My Mum once told me to enjoy life. But she added a warning, and that warning was that time has a habit of speeding up as you get older. She may as well have told me not to panic. Or to smile, and that it might never happen. That was the attention I paid to her advice, and to her for that matter.

And yet I remember her words well, and now, in the context of who and what I have become, I understand where she was coming from. This wasn’t a soundbite. This wasn’t knowledge. She meant what she had said, and in order for me to understand, I had to think. And mostly, I had to think about her and how she cared for me. Widening the context, I saw her well. Decades late to the party, but I got there in the end. I looked back at that time, and those moments we shared, and I saw the world through her eyes. Her son rushing headlong at life like there wasn’t a second to spare. 

How often do we truly take stock? And when we do, will we see the contradiction that we made of ourselves. I had all the time in the world when I was younger and yet I raced through that time like it didn’t matter. Like I didn’t matter. 

In my defence, I wouldn’t say I wasted my life. Not all of it anyway. But I could have done so much more. Been so much more! Instead I put my head down and I sped through what people laughingly refer to as their best years. If these were my best years, my recollection of them is blurred, and the importance I placed upon them is misguided. These were times to endure. A means to an end. For me, it was all about the destination, only I had no clear idea of where it was that I was headed. All I knew was that anything was better than here.

Running. Always running, and whilst I was at it, I kidded myself that I wasn’t running away from anything. That I was running towards something, but hadn’t yet decided what that thing was. I’d know it once I saw it. And I’d know it when I arrived.

I was educated to do this. I was naturally adept at learning. No parrot was I. I both envied and pitied the parrots. But I was no better than them. I fared no better. I sought to understand, but made only half a job of it. I wanted so much to uncover the secrets of life, the universe and everything, but always I fell short in the comfortable blankets of my fear.

Education was another means to an end. Learn the subject. Pass the exam. Gain a passport to a bright future. No one ever taught me what it was all for. Why it was that I was learning what I did. 

It did not help that I lived in an enclosed and dying world. A place that had seen better days. It’s once fine suit was shabby and worn. Stained with a life of hardship and a million tears. The main prospects for employment had once been jobs for life. I wandered the local graveyard and observed the final conclusion of those lives. A well-worn rut around the dial of the clocking-in machine. A rut that ironically came to an end at the age of sixty during a ritual that entailed the gifting of a golden timepiece that would never see the light of day. So many monuments to men who gave their lives to industry, only to finish up with killer questions as their final companions…

What was it all for?

What am I for?

The wives of the condemned workers bemoaning a future where their husbands would cease being of use and get under their feet. A prophetic phrase. Six foot under their feet as they added another endless chore to the list. Tending a grave paid for by the money saved for a holiday of a lifetime.

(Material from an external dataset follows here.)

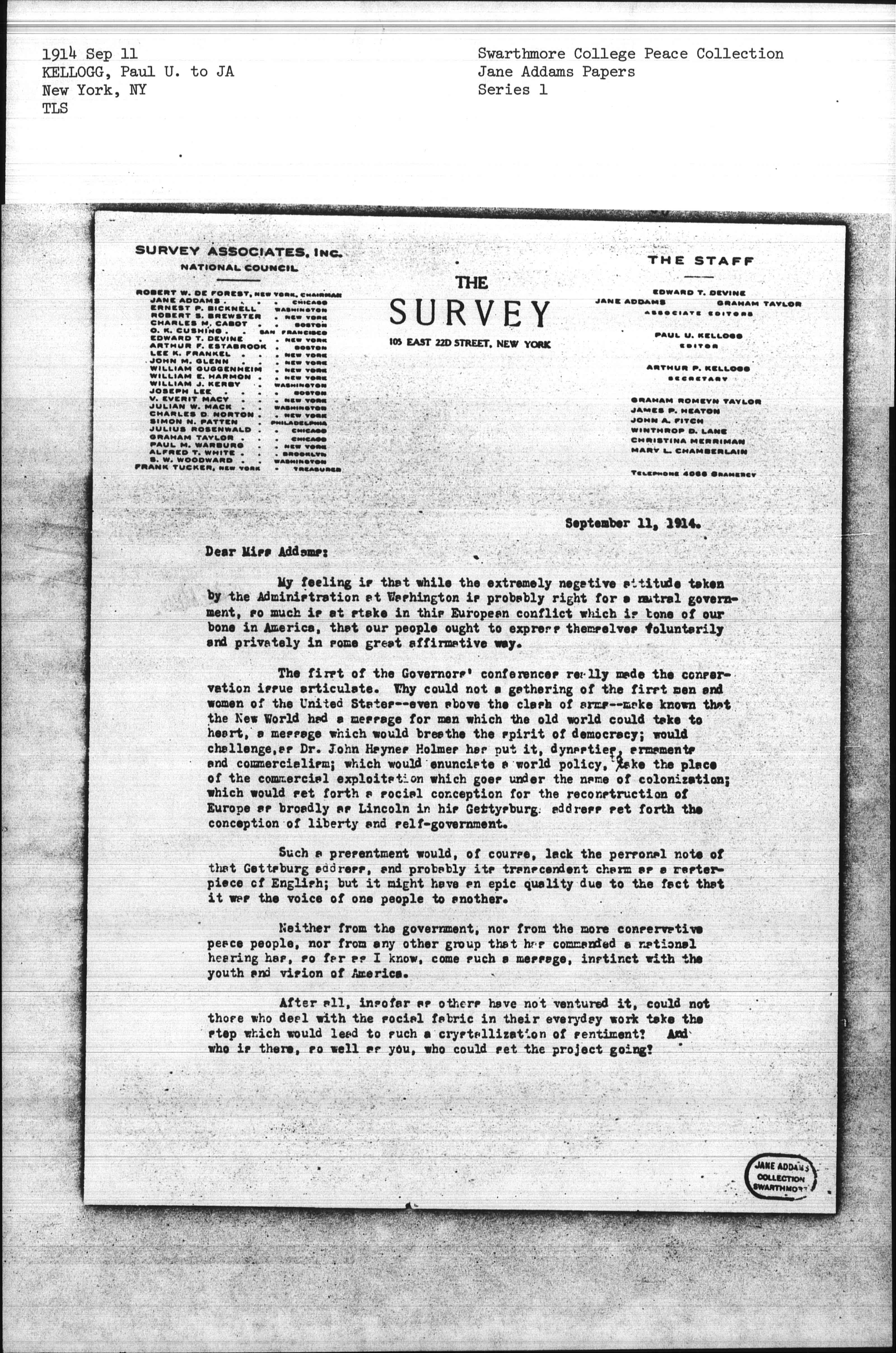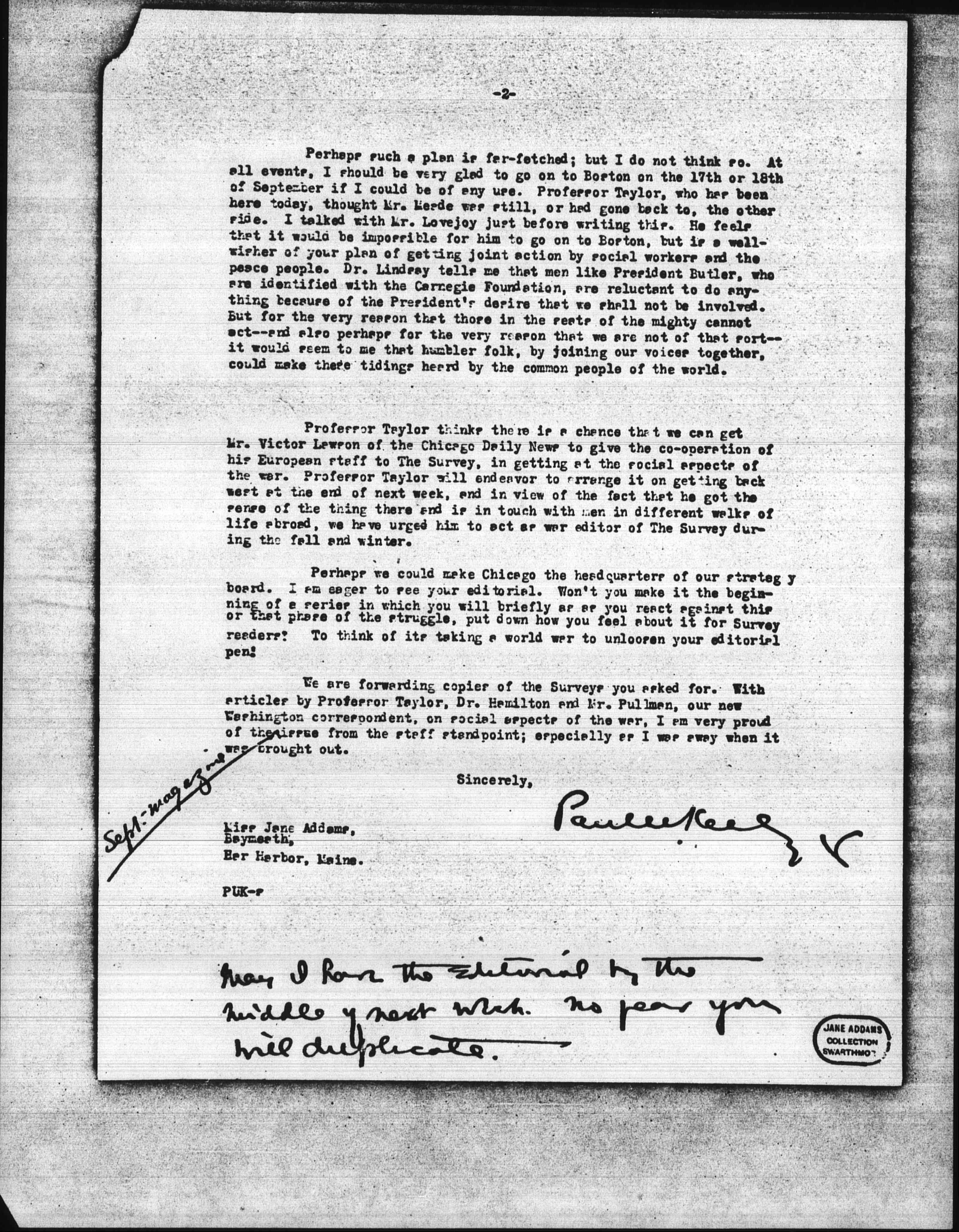 Perhaps such a plan is far-fetched; but I do not think so. At all events, I should be very glad to go on to Boston on the 17th or 18th of September if I could be of any use. Professor Taylor, who has been here today, thought Mr. [Mead] was still, or had gone back to, the other side. I talked with Mr. Lovejoy just before writing this. He feels that it would be impossible for him to go on to Boston, but is a well-wisher of your plan of getting joint action by social workers and the peace people. Dr. [Lindsey] tells me that men like President Butler, who are identified with the Carnegie Foundation, are reluctant to do anything because of the President's desire that we shall not be involved. But for the very reason that those in the seats of the mighty cannot act -- and also perhaps for the very reason that we are not of that sort -- it would seem to me that humbler folk, by joining our voices together, could make these tidings heard by the common people of the world.

Perhaps I can be forgiven for trying to fast-forward through that little lot. Building and building a momentum that might just afford me the courage to crash through the prison walls of a working class nightmare that was dying before our very eyes, but was still conscripting green and wet behind the ears soldiers. A sausage machine that promised security and doled out misery. The dole being the rotten carrot on the end of the whipping stick. The dole being the punishment for those who didn’t have anything about them. The lazy. The inept. The walking dead.

On Saturday mornings, we’d shed the homes that we ungratefully believed we were outgrowing and meet up. Riding on wheels that squeaked cries of freedom as we pedalled furiously to gather together. A rebellious tribe. Safety in numbers. The camaraderie of the undamned. Not thinking we were better. Just different. Damned in a different way, yet scoffing at the traditionally damned.

Wandering around Town, we would take care not to get too close to The Locals. They had something that was catching, and it was terminal. We fancied we saw a vacancy in their dribbling phizogs, but we never looked too hard. I think we knew we’d see our own pale and earnest faces staring back at us. This fate awaited all of us. Escaping it came at too high a cost for most.

Even in the grey desperation of a dying town, dreams were sold. So many dreams that no one escaped their allure. The promise of finding The One, settling down into a blissful life and having children. No reality was applied to these dreams. Even when we were all drowning in the mess of that same reality. 

There may have been a heady, lustful interlude with a fine young lady who was as clueless as we were, and we were all intent upon that adventure. Not even the stark warnings of the fallen could turn our heads from this one. The oft repeated shattering of love’s young dream when the three little words were uttered…

I am pregnant.

We were children, surrounded by an army of children, and we had often looked up at the grey faces of our parents and wondered how it could have gone so wrong for them. Never did we consider the obvious conclusion; they’d had children.

We were what had gone wrong. We’d brought with us an infinite weight of responsibility and that weight had crushed any dreams our mothers and fathers may have had before we came along and changed everything, like it or not. At best, our parents could mark time until we flew the nest, only for us to follow their broken example and repeat their mistakes all over again, adding our own errors and regrets to further damn the next generation.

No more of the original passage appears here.